A Philosopher Takes to Quillette to Complain About His Book Reviews

Sure seems like Alex Byrne wrote a bad book of philosophy.

by Evan Urquhart

Discussions about gender, particularly when they touch on trans identities, can be very contentious. Let’s grant Alex Byrne, a philosophy profesor at MIT who wrote an ungodly number of words for Quillette complaining that his colleagues didn’t like his book enough, at least that much. It’s difficult to talk about gender if you confine yourself to cis and binary ways of thinking, and even more so if you insist on dragging trans people into things.

Alex Byrne is determined to drag trans people into things. In 2022 he attempted to contribute a chapter on pronouns to something called an Oxford Handbook (a collection of snapshots of current research in a discipline). In the proposed chapter Byrne argued that pronouns are used in English to convey information about biological sex. This is extremely stupid, as anyone who’s ever referred to Dora the Explorer as a she could tell you. Also, boats exist.

The fact that it is trivially easy to dispense with the idea that pronouns are used to convey information about biological sex without even mentioning trans people is a good indication of the quality of Byrne’s arguments.

Another indication is that his colleagues thought that Byrne’s ideas were dogshit. The MIT prof is very upfront about this in his punishingly long Quillette thingummy. He quotes a colleague who said, of his book, “It is of extremely poor quality.” He also quotes the explanation from the publisher on their decision not to move forward with its publication by saying, “the book does not treat the subject in a sufficiently serious and respectful way.”

Sounds like a really bad, superficial, unserious book that maybe didn’t merit publication! But Byrne, of course, believes he’s being unfairly silenced by a profession in the grips of groupthink. Luckily, he includes a brief excerpt from an early article to help us judge this. The publication, which represented his first serious foray into the philosophy of gender, argued that a woman is an adult human female. Here’s his example of the quality of his own argumentation:

a longish excerpt, in which Byrne argues that in a short film which includes gender role reversal, men are still men and women are still women

screenshot from Quillette

The gist is this: In a short film where gender roles are swapped, the men are still men and the women are still women, because Byrne says so. As such it reads as a shallow “nuh uh” to the ideas of feminist philosophy, which have long held that biological differences alone are insufficient to explain the unequal positions men and women have in society, and since they’re insufficient it’s more useful to think of what womanhood is in terms of that power relationship. Agree or not, the excerpt isn’t not engaging with that work, it’s holding up a middle finger at it.

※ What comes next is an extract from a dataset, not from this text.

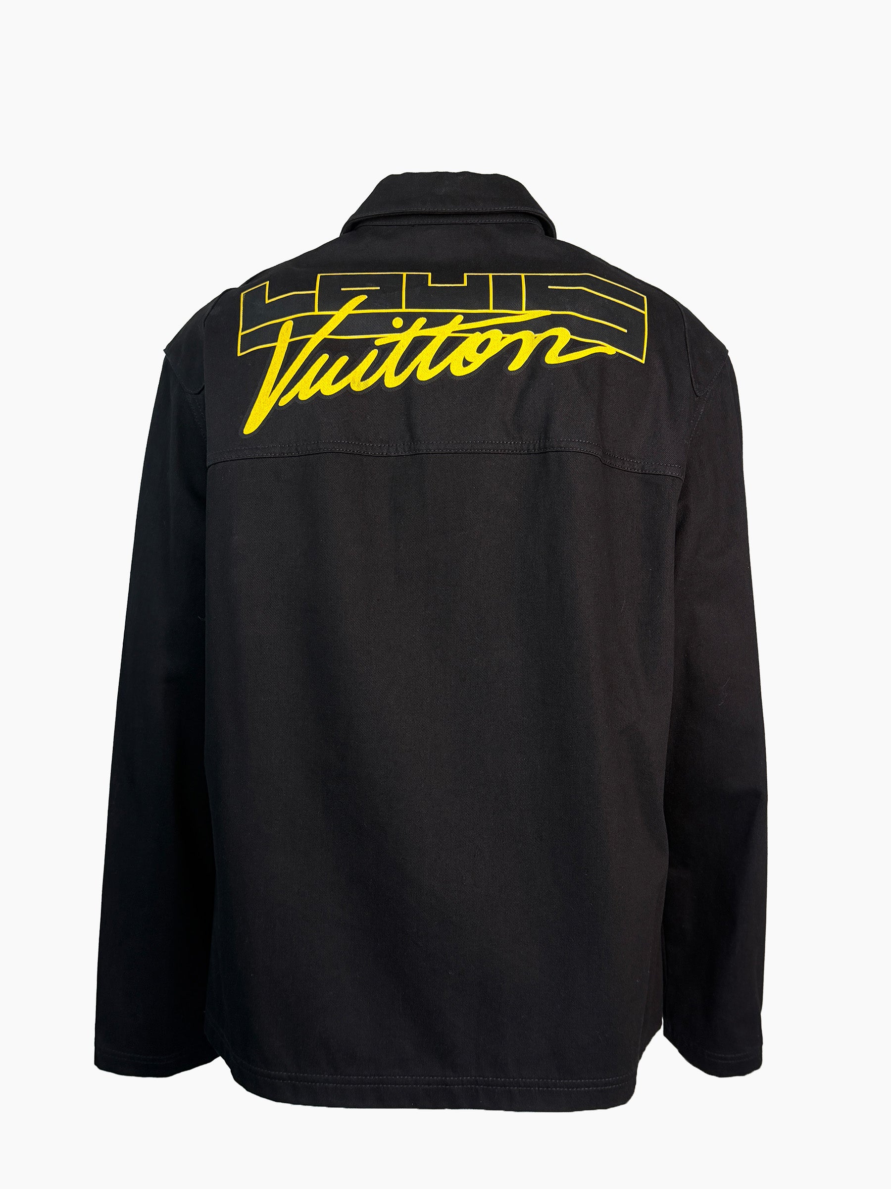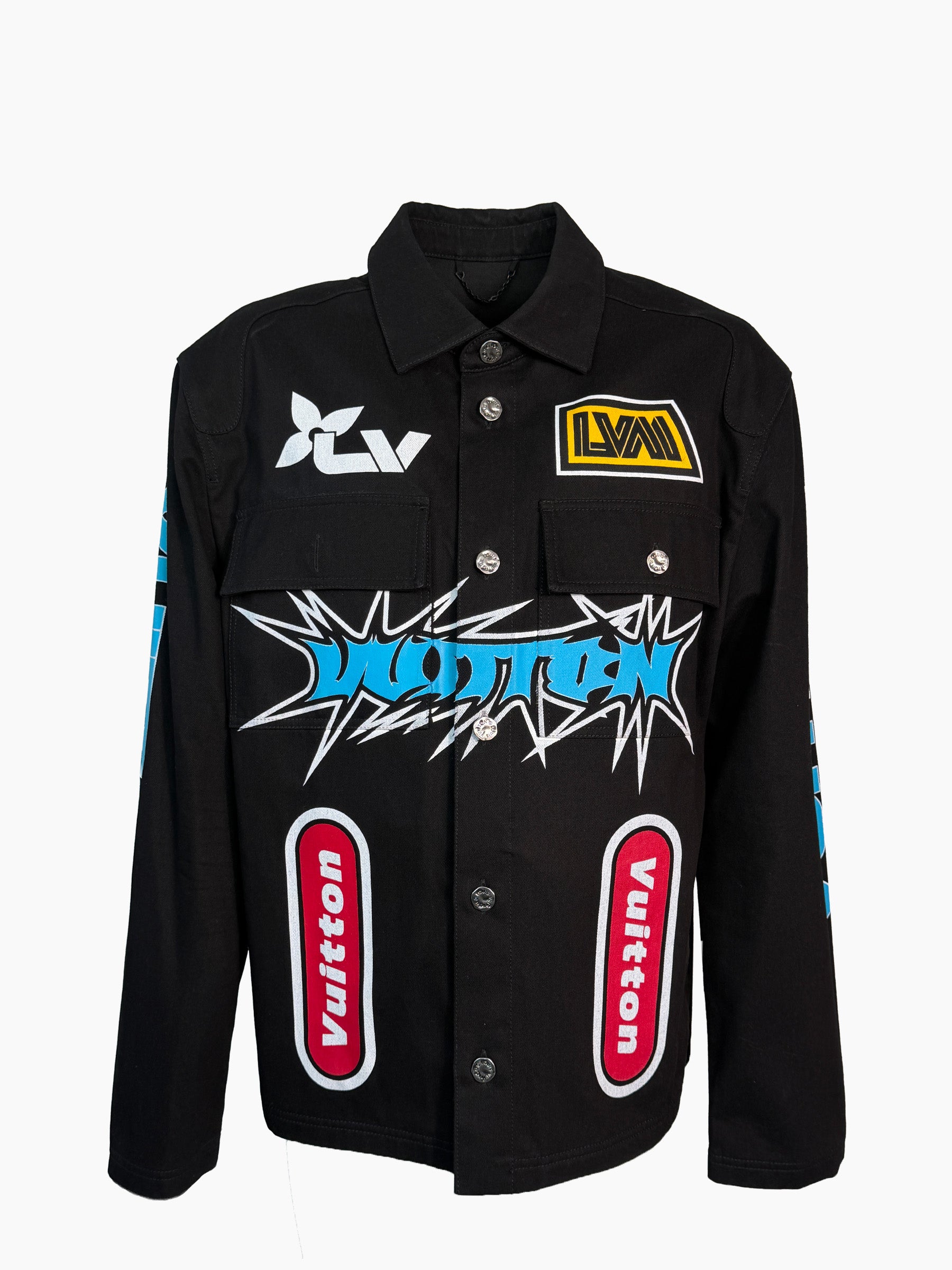 Giacca nera in cotone con patch multicolor in stile motorsport, tipiche delle collezioni creative Louis Vuitton. Il modello presenta tasche frontali con patta, chiusura a bottoni e un design grintoso grazie alle applicazioni grafiche su petto, maniche e parte inferiore. Un capo statement dal carattere urbano, perfetto per look streetwear premium.
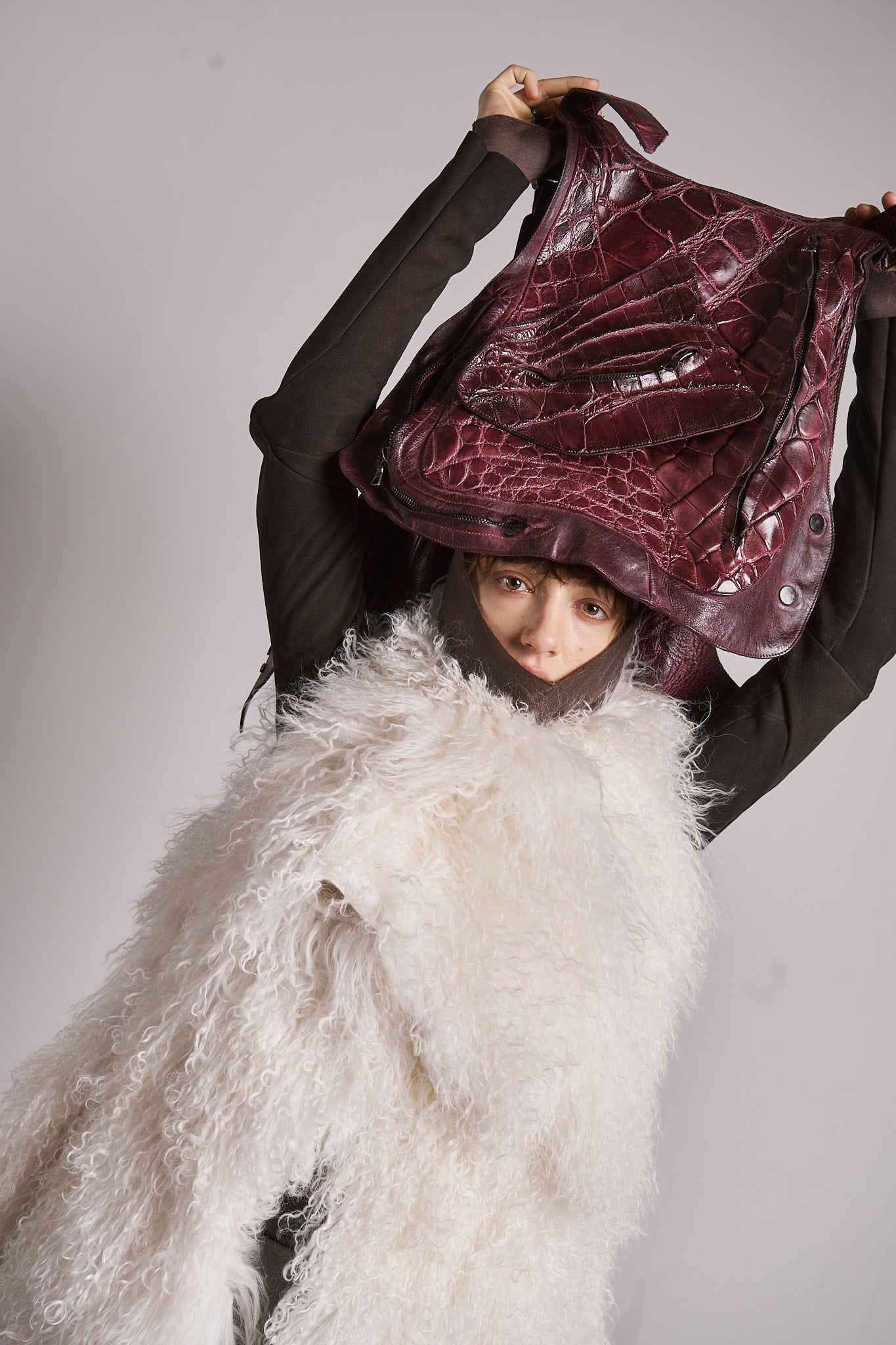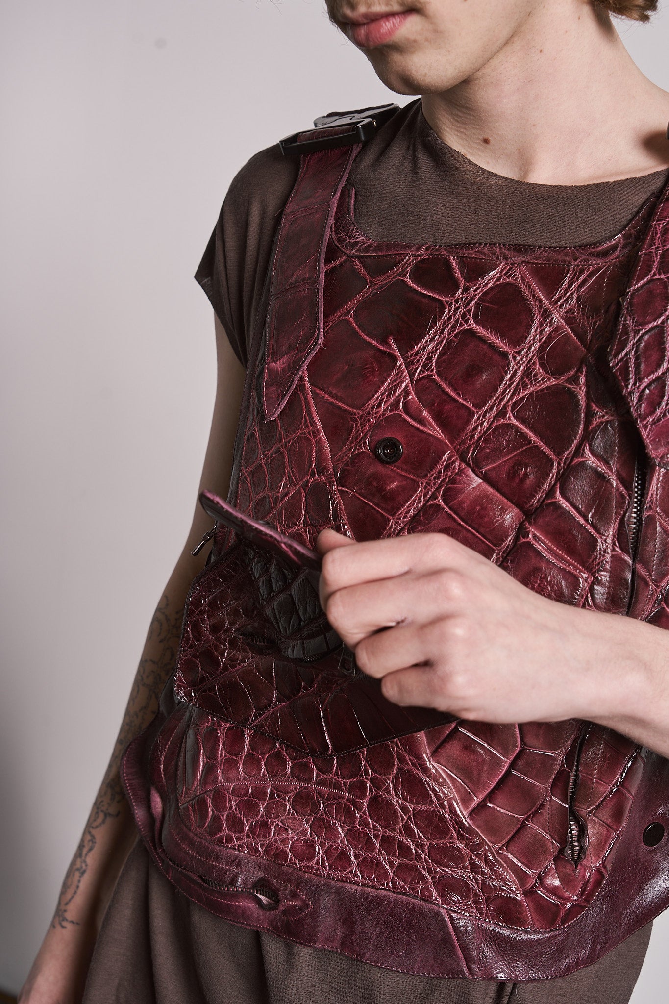 A PLATE CARRIER - A UTILITARIAN WAISTCOAT WITH AMPLE POCKETS WITH THE OPTION TO BE EQUIPPED WITH CERAMIC PLATES FOR A REAL BULLET RESITANCE. MADE OUT OF WILD ALLIGATOR AND GERMAN HORSE LEATHER. FEATURING THREE ZIPPED COMPARTMENTS, DETACHABLE FRONT AND OUR SIGANTURE TEARDROP PULLER. AVAILABLE IN RUBIN, AS PRESENTED AND BLACK.

Byrne is professor in a discipline with a reputation for being very dense, wordy, and difficult for laypeople to follow, and the excerpts of his work seem not just simple to read, but easy even for a layperson to poke huge holes in. If we assume that Byrne has done a lot of philosophy in order to reach the august position of MIT professor, this suggests he isn’t some sort of thumb-sniffing fartass. If that’s true, if he’s not just an idiot who thinks he’s being smart, then the sort of paragraph where Byrne suggests that because a film showed reversed gender roles therefore gender is biology read less like an attempt to do philosophy and more like he’s intentionally trawling for the sorts of annoyed, dismissive reactions that he’s now writing about indignantly, and at great length, on a conservative culture war website.

One of the most tedious ploys of modern conservatism has been the insistance that outmoded ideas from the far right aren’t realy being dismissed because they’re shoddy, mean-spirited tripe that was dispensed with ages ago, but because they’re so danged dangerous and transgressive. If you engage with them in depth you end up wasting precious time on people who weren’t seriously trying to have an argument in the first place. If you ignore them, you provide fuel for the claim that you’re suppressing them unfairly.

There is, perhaps, one other way. You can engage with this sort of conservative, but lightly. The existence of Dora the Explorer, a non-biological she/her, refutes the idea that pronouns are biological. A movie short with swapped gender roles has no bearing on whether womanhood is primarily a power position. There’s no need to read further or engage with every equally shallow gambit. Come back when you’ve actually made an argument instead of just pretending to have made one in order to pretend that you’ve been cancelled.